[Start of section]

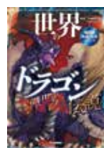
世界のドラゴン伝説
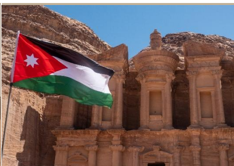
BANDERA DE JORDANIA ONDEANDO FRENTE A UNA FACHADA TALLADA EN LA ROCA DE PETRA
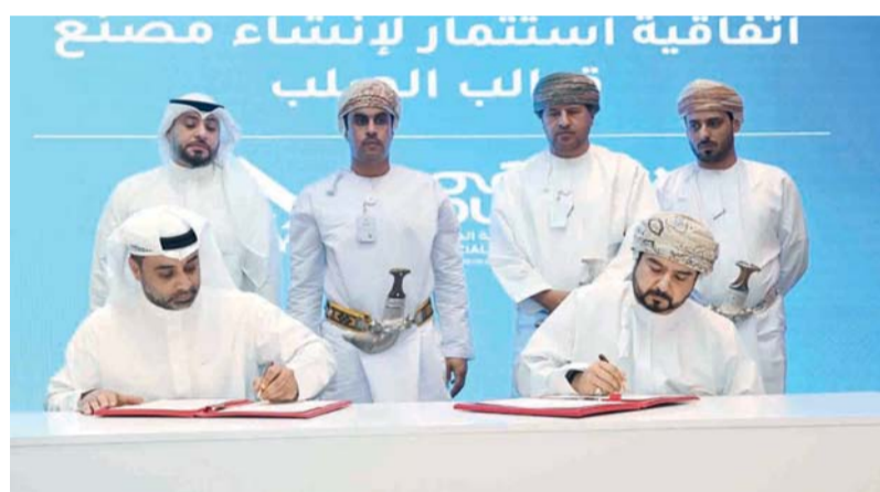
الاتفاقيات تمثل امتداداً للجهود المتواصلة لاستقطاب الاستثمارات النوعية

كما تم توقيع اتفاقية استثمار لإنشاء مشروع تصنيع المواد الفعالة للأغذية المستخدمة في بطاريات الليثيوم للمركبات الكهربائية بالمنطقة الحرة بصلاصة بتكلفة استثمارية تبلغ ٣٥ مليون ريال عماني، وسيتم تنفيذ المشروع من قبل شركة «جي إف سي إل إي» للمواد المتقدمة، حيث يُعد المشروع ثاني مشروع للشركة في قطاع المركبات الكهربائية في
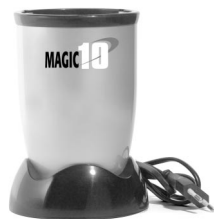
High-Torque Power Base
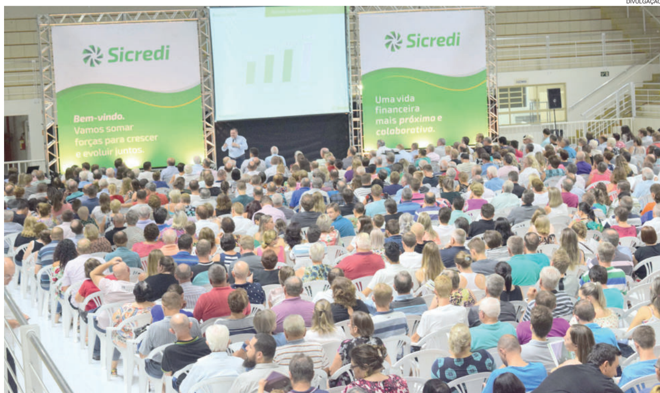
Assembleias da Sicredi Ouro Branco reuniram mais de 11 mil associados em 2018
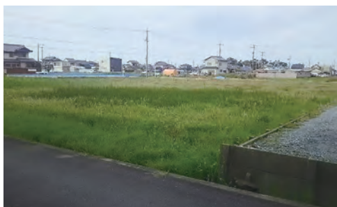
～ 整備用地 ～

以上のことを念頭に土地探しから始め、各方面からの協力を仰ぎ、何件もの物件情報の提供を頂きましたが、地主の方の都合や立地条件・法的制限等により候補地として決定するには至らず、途方に暮れる日々を送りました。そのような時、南区の民生委員の方より現整備用地の情報を頂き、地主の方に直接お会いして事情を説明したところ「使っていない土地なので福祉事業のために使用
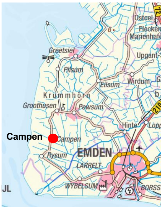
Gemarkung Campen, Flur 1
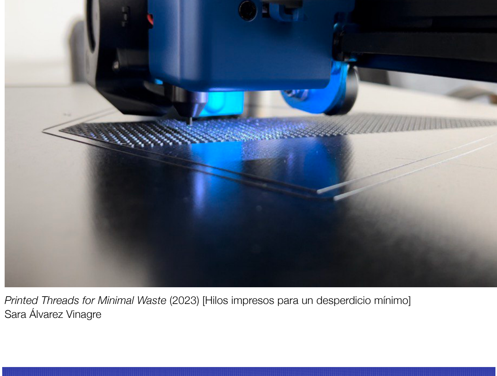
Printed Threads for Minimal Waste (2023) [Hilos impresos para un desperdicio mínimo] Sara Álvarez Vinagre
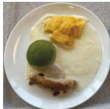
Vom Apfelpfannkuchen bis zum Rindergulasch ist alles möglich
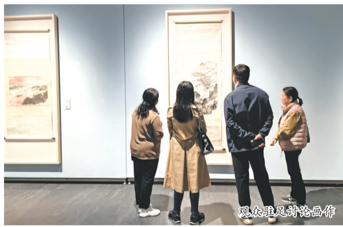
观众驻足讨论画作
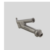
Obj.č. 5006 Kulatá tryska šroubovací Ø 4 mm (M10)
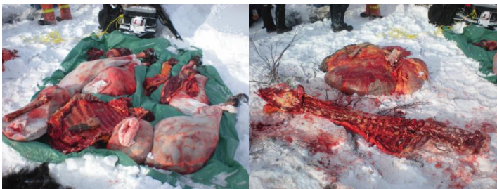
À gauche : Bison éviscéré et dépecé comme il se doit. Toute la viande a été retirée de la carcasse.

Les seules parties de l'animal qu'on devrait laisser sur le terrain sont les viscères, la colonne vertébrale et, si on veut, la tête et la peau. On peut laisser les autres os seulement si toute la viande en a été retirée. Il est interdit de laisser de la viande sur le terrain.
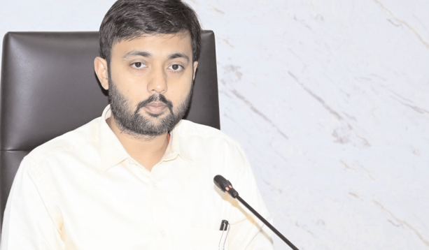
రెవెన్యూ అధికారులు బృందంగా ఏర్పడి తీసుకొని నివేదికలు అందజేయా ధరణి పెండింగ్ దరఖాస్తుల పరిశీలన లన్నారు. సంవత్సర కాలంగా పెండిం కార్యక్రమం చేపట్టాలని క్షేత్రస్థాయిలో గ్లో ఉన్న దరఖాస్తులన్నీ స్వయంగా పర్యటిస్తూ వాస్తవాలను పరిగణనలోకి పరిశీలన చేయాలని తహసీల్దార్ తుది
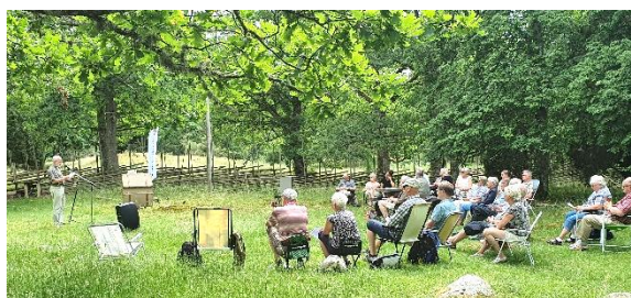
Gudstjänst i naturreservatet Kummelön.

Välkommen till dessa gudstjänster ute i det fria.
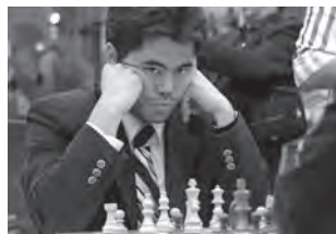
Pour Hikaru Nakamura, triple champion des Etats-Unis, s'agira-t-il d'un retour au Palais des Congrès de Bienne après une longue absence.
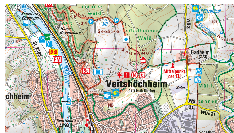
Ausschnitt aus UK50-7 Fränkisches Weinland

Kulturinteressierte empfehlen sich die Sommerresidenzen der Würzburger Fürstbischöfe sowie die Barockschlösser Werneck und Veitshöchheim (samt Rokoko-Garten). „Willkommen an Bord“ heißt es auf den regelmäßig verkehrenden Mainfähren in Würzburg und Gemünden a.Main. Wer mit Kindern unterwegs ist kann dem Tierpark Sommerhausen oder dem Hochseilgarten Frankenturm einen Besuch abstatten. Erholung oder Spaß im Nassen findet man im Erlebnisbad Nautiland in Würzburg.
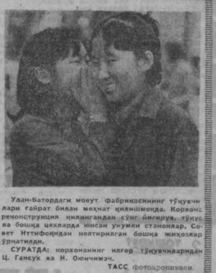
Улан-Батордаги мовут фабрикасининг тўқувчи- лари тайёрлаш билан меҳнат қилишмоқда. Корхона- ни реконструкция қилингандан сўнг янгирув, тўқу- ва бошқа цехларда қисан уюмни станоклар, Со- вет Иттифоқдан келтирилган бошқа жиҳозлар ўрнатилди.

Республика Қурилиш материаллари министр- лигига қарашли «Ўзбек- мармер» бирлашмаси вакиллари Тошкент метро- росини бунёд қилватган мутахассислар билан учрашдилар. Фойдала- учрушув Тошкент метро- роси станциялари учун етказиб берилган ма- рмар ва гранит тош- ларнинг мудатли, улар- нинг ҳажминин белги- лашига бағишланди. Қу- рилиш материаллари корхоналари Тош- кент метроси учун ав- густ ойида 290 квадрат метр оқ ва 100 квадрат метр оқ-қора мармар етказиб берадиган 200 квадрат метр ҳажмида қора ранги тош Укра- инадан таъбир қилин- гади. Мармарларнинг асосан республикамиз- нинг Нуротдаги кон- ларида тайёрланади.
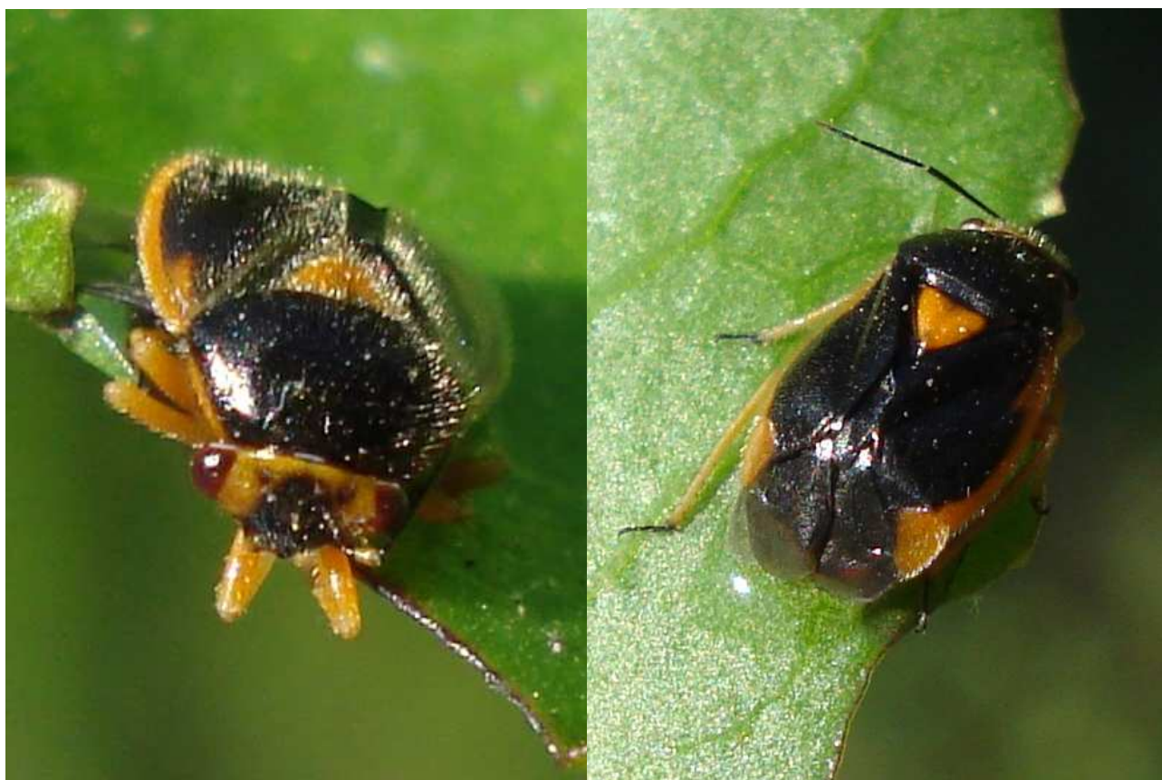
Fig. 1: Puig de Montilivi, 23-V-2011, (BARBARÀ, 2011). http://www.biodiversidadvirtual.org/insectarium/Strongylocoris-erythroleptus-img218536.html http://www.naturamediterraneo.com/forum/topic.asp?TOPIC_ID=157339

No hay planta hospedadora para este encuentro pues el ejemplar estaba ahogándose en una piscina de la que fue rescatado. El Puig de Montilivi es una colina de 167,9 m de altitud máxima, principalmente de suelo calcáreo, con coscoja ( Quercus coccifera ). Está cruzada por varias líneas eléctricas que se mantienen limpias de vegetación. También hay algunas encinas, alcornoques y restos de antiguos cultivos de almendros y olivos en terrazas hechas con muros de piedra. Estas fotos fueron cargadas por el autor de las mismas en la web BiodiversidadVirtual.org el 23-X-2011, (BARBARÀ, 2011), y luego como parte del proceso de determinación, cargadas en la web Naturamediterraneo.com por L. Vivas (2011), donde la especie fue finalmente reconocida e identificada por P. Dioli (2011).
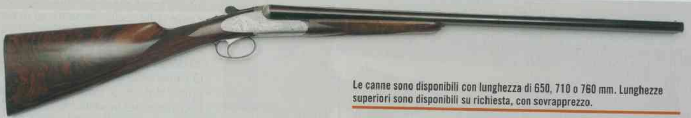
Le canne sono disponibili con lunghezza di 650, 710 o 760 mm. Lunghezze superiori sono disponibili su richiesta, con sovrapprezzo.

sionati da sempre alle classiche doppiette d'impronta classica, avevano un "loro" giustapposto nel cuore, e pur avendo già in produzione diversi paralleli di lusso, anche a cani esterni, hanno messo a punto un progetto raffinato e gradevole che rappresenta una sintesi del loro gusto, la leggera e piacevole doppietta 475 P Superlight El oggetto della nostra prova. Al primo sguardo la linea della Siace 475 P Superlight El è nel segno della tradizione: calcio all'inglese, asta sottile, bascula ribassata con cartelle lunghe, piega non eccessivamente accentuata. Quello che salta agli occhi, invece, bilanciando il fucile tra le mani, è che la doppietta dei fratelli Gelmini è un fucile da caccia nel pieno senso della parola: non si tratta soltanto di una elegante alternativa al sovrapposto da riservare alle occasioni di prestigio, ma di un'arma a tutta caccia, leggera e maneggevole, pensata per un uso intenso, quindi robusta ed efficace. Il movimento fluido, quasi elastico con cui la doppietta sale alla spalla, l'allineamento immediato, l'impugnabilità quasi naturale sono tutte qualità che il cacciatore percepisce immediatamente. Poi, aprendo il fucile, si apprezzano le doti sostanziali, la solidità meccanica e la robustezza: la chiusura è precisa, quasi ruvida, lo scatto degli estrattori netto e forte, gli accoppiamenti ineccepibili.
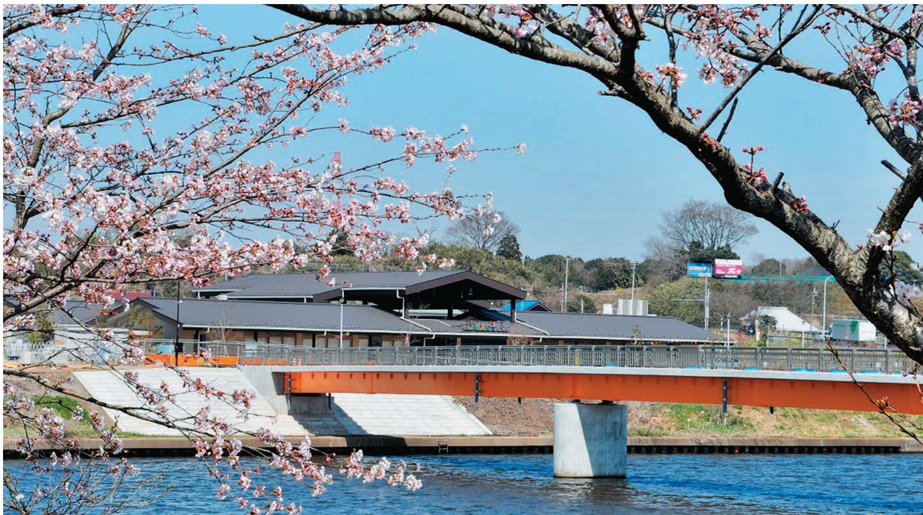
▲開通間近の歩道橋（ペDESTリアンデッキ）とやちよ農業交流センター
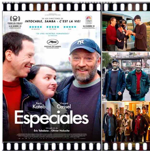
Prescripción 7. Especiales (Olivier Nakache y Eric Toledano, 2019).

Ser espectadores de una realidad dura, la del dilema de qué hacer con aquellas personas con autismo grave (u otras pato-
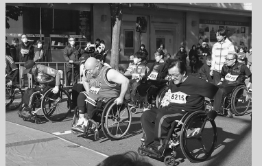
昨年のプレ開催の様子

対象 小学生以上の車いす常用者、およびそれに準じる人(18歳未満は保護者の同意が必要)
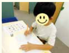
他者との気持ちの違いを知る
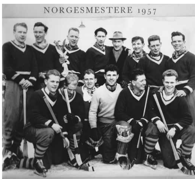
Skiolds norgesmestere i bandy 1957.
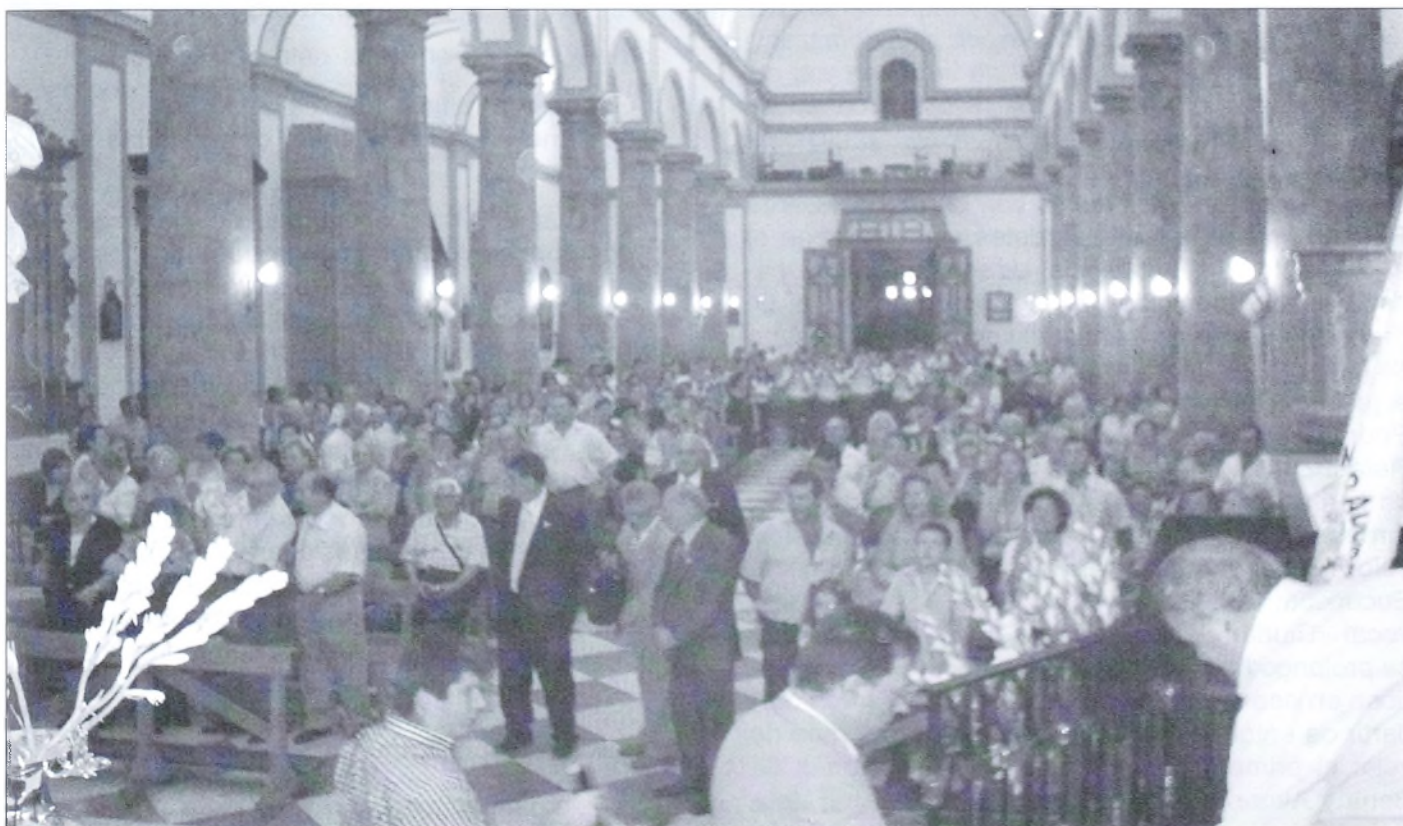
El amplio templo parroquial estuvo abarrotado de fieles.

[End of section]

**BRIEF:**
Every line of the data above is to be repeated exactly; the images are to be left out.

**ANSWER TO THE EXERCISE:**
世界のドラゴン伝説
BANDERA DE JORDANIA ONDEANDO FRENTE A UNA FACHADA TALLADA EN LA ROCA DE PETRA
الاتفاقيات تمثل امتداداً للجهود المتواصلة لاستقطاب الاستثمارات النوعية

كما تم توقيع اتفاقية استثمار لإنشاء مشروع تصنيع المواد الفعالة للأغذية المستخدمة في بطاريات الليثيوم للمركبات الكهربائية بالمنطقة الحرة بصلاصة بتكلفة استثمارية تبلغ ٣٥ مليون ريال عماني، وسيتم تنفيذ المشروع من قبل شركة «جي إف سي إل إي» للمواد المتقدمة، حيث يُعد المشروع ثاني مشروع للشركة في قطاع المركبات الكهربائية في
High-Torque Power Base
Assembleias da Sicredi Ouro Branco reuniram mais de 11 mil associados em 2018
～ 整備用地 ～

以上のことを念頭に土地探しから始め、各方面からの協力を仰ぎ、何件もの物件情報の提供を頂きましたが、地主の方の都合や立地条件・法的制限等により候補地として決定するには至らず、途方に暮れる日々を送りました。そのような時、南区の民生委員の方より現整備用地の情報を頂き、地主の方に直接お会いして事情を説明したところ「使っていない土地なので福祉事業のために使用
Gemarkung Campen, Flur 1
Printed Threads for Minimal Waste (2023) [Hilos impresos para un desperdicio mínimo] Sara Álvarez Vinagre
Vom Apfelpfannkuchen bis zum Rindergulasch ist alles möglich
观众驻足讨论画作
Obj.č. 5006 Kulatá tryska šroubovací Ø 4 mm (M10)
À gauche : Bison éviscéré et dépecé comme il se doit. Toute la viande a été retirée de la carcasse.

Les seules parties de l'animal qu'on devrait laisser sur le terrain sont les viscères, la colonne vertébrale et, si on veut, la tête et la peau. On peut laisser les autres os seulement si toute la viande en a été retirée. Il est interdit de laisser de la viande sur le terrain.
రెవెన్యూ అధికారులు బృందంగా ఏర్పడి తీసుకొని నివేదికలు అందజేయా ధరణి పెండింగ్ దరఖాస్తుల పరిశీలన లన్నారు. సంవత్సర కాలంగా పెండిం కార్యక్రమం చేపట్టాలని క్షేత్రస్థాయిలో గ్లో ఉన్న దరఖాస్తులన్నీ స్వయంగా పర్యటిస్తూ వాస్తవాలను పరిగణనలోకి పరిశీలన చేయాలని తహసీల్దార్ తుది
Gudstjänst i naturreservatet Kummelön.

Välkommen till dessa gudstjänster ute i det fria.
Pour Hikaru Nakamura, triple champion des Etats-Unis, s'agira-t-il d'un retour au Palais des Congrès de Bienne après une longue absence.
Ausschnitt aus UK50-7 Fränkisches Weinland

Kulturinteressierte empfehlen sich die Sommerresidenzen der Würzburger Fürstbischöfe sowie die Barockschlösser Werneck und Veitshöchheim (samt Rokoko-Garten). „Willkommen an Bord“ heißt es auf den regelmäßig verkehrenden Mainfähren in Würzburg und Gemünden a.Main. Wer mit Kindern unterwegs ist kann dem Tierpark Sommerhausen oder dem Hochseilgarten Frankenturm einen Besuch abstatten. Erholung oder Spaß im Nassen findet man im Erlebnisbad Nautiland in Würzburg.
Улан-Батордаги мовут фабрикасининг тўқувчи- лари тайёрлаш билан меҳнат қилишмоқда. Корхона- ни реконструкция қилингандан сўнг янгирув, тўқу- ва бошқа цехларда қисан уюмни станоклар, Со- вет Иттифоқдан келтирилган бошқа жиҳозлар ўрнатилди.

Республика Қурилиш материаллари министр- лигига қарашли «Ўзбек- мармер» бирлашмаси вакиллари Тошкент метро- росини бунёд қилватган мутахассислар билан учрашдилар. Фойдала- учрушув Тошкент метро- роси станциялари учун етказиб берилган ма- рмар ва гранит тош- ларнинг мудатли, улар- нинг ҳажминин белги- лашига бағишланди. Қу- рилиш материаллари корхоналари Тош- кент метроси учун ав- густ ойида 290 квадрат метр оқ ва 100 квадрат метр оқ-қора мармар етказиб берадиган 200 квадрат метр ҳажмида қора ранги тош Укра- инадан таъбир қилин- гади. Мармарларнинг асосан республикамиз- нинг Нуротдаги кон- ларида тайёрланади.
Fig. 1: Puig de Montilivi, 23-V-2011, (BARBARÀ, 2011). http://www.biodiversidadvirtual.org/insectarium/Strongylocoris-erythroleptus-img218536.html http://www.naturamediterraneo.com/forum/topic.asp?TOPIC_ID=157339

No hay planta hospedadora para este encuentro pues el ejemplar estaba ahogándose en una piscina de la que fue rescatado. El Puig de Montilivi es una colina de 167,9 m de altitud máxima, principalmente de suelo calcáreo, con coscoja ( Quercus coccifera ). Está cruzada por varias líneas eléctricas que se mantienen limpias de vegetación. También hay algunas encinas, alcornoques y restos de antiguos cultivos de almendros y olivos en terrazas hechas con muros de piedra. Estas fotos fueron cargadas por el autor de las mismas en la web BiodiversidadVirtual.org el 23-X-2011, (BARBARÀ, 2011), y luego como parte del proceso de determinación, cargadas en la web Naturamediterraneo.com por L. Vivas (2011), donde la especie fue finalmente reconocida e identificada por P. Dioli (2011).
Le canne sono disponibili con lunghezza di 650, 710 o 760 mm. Lunghezze superiori sono disponibili su richiesta, con sovrapprezzo.

sionati da sempre alle classiche doppiette d'impronta classica, avevano un "loro" giustapposto nel cuore, e pur avendo già in produzione diversi paralleli di lusso, anche a cani esterni, hanno messo a punto un progetto raffinato e gradevole che rappresenta una sintesi del loro gusto, la leggera e piacevole doppietta 475 P Superlight El oggetto della nostra prova. Al primo sguardo la linea della Siace 475 P Superlight El è nel segno della tradizione: calcio all'inglese, asta sottile, bascula ribassata con cartelle lunghe, piega non eccessivamente accentuata. Quello che salta agli occhi, invece, bilanciando il fucile tra le mani, è che la doppietta dei fratelli Gelmini è un fucile da caccia nel pieno senso della parola: non si tratta soltanto di una elegante alternativa al sovrapposto da riservare alle occasioni di prestigio, ma di un'arma a tutta caccia, leggera e maneggevole, pensata per un uso intenso, quindi robusta ed efficace. Il movimento fluido, quasi elastico con cui la doppietta sale alla spalla, l'allineamento immediato, l'impugnabilità quasi naturale sono tutte qualità che il cacciatore percepisce immediatamente. Poi, aprendo il fucile, si apprezzano le doti sostanziali, la solidità meccanica e la robustezza: la chiusura è precisa, quasi ruvida, lo scatto degli estrattori netto e forte, gli accoppiamenti ineccepibili.
▲開通間近の歩道橋（ペDESTリアンデッキ）とやちよ農業交流センター
Prescripción 7. Especiales (Olivier Nakache y Eric Toledano, 2019).

Ser espectadores de una realidad dura, la del dilema de qué hacer con aquellas personas con autismo grave (u otras pato-
昨年のプレ開催の様子

対象 小学生以上の車いす常用者、およびそれに準じる人(18歳未満は保護者の同意が必要)
他者との気持ちの違いを知る
Skiolds norgesmestere i bandy 1957.
El amplio templo parroquial estuvo abarrotado de fieles.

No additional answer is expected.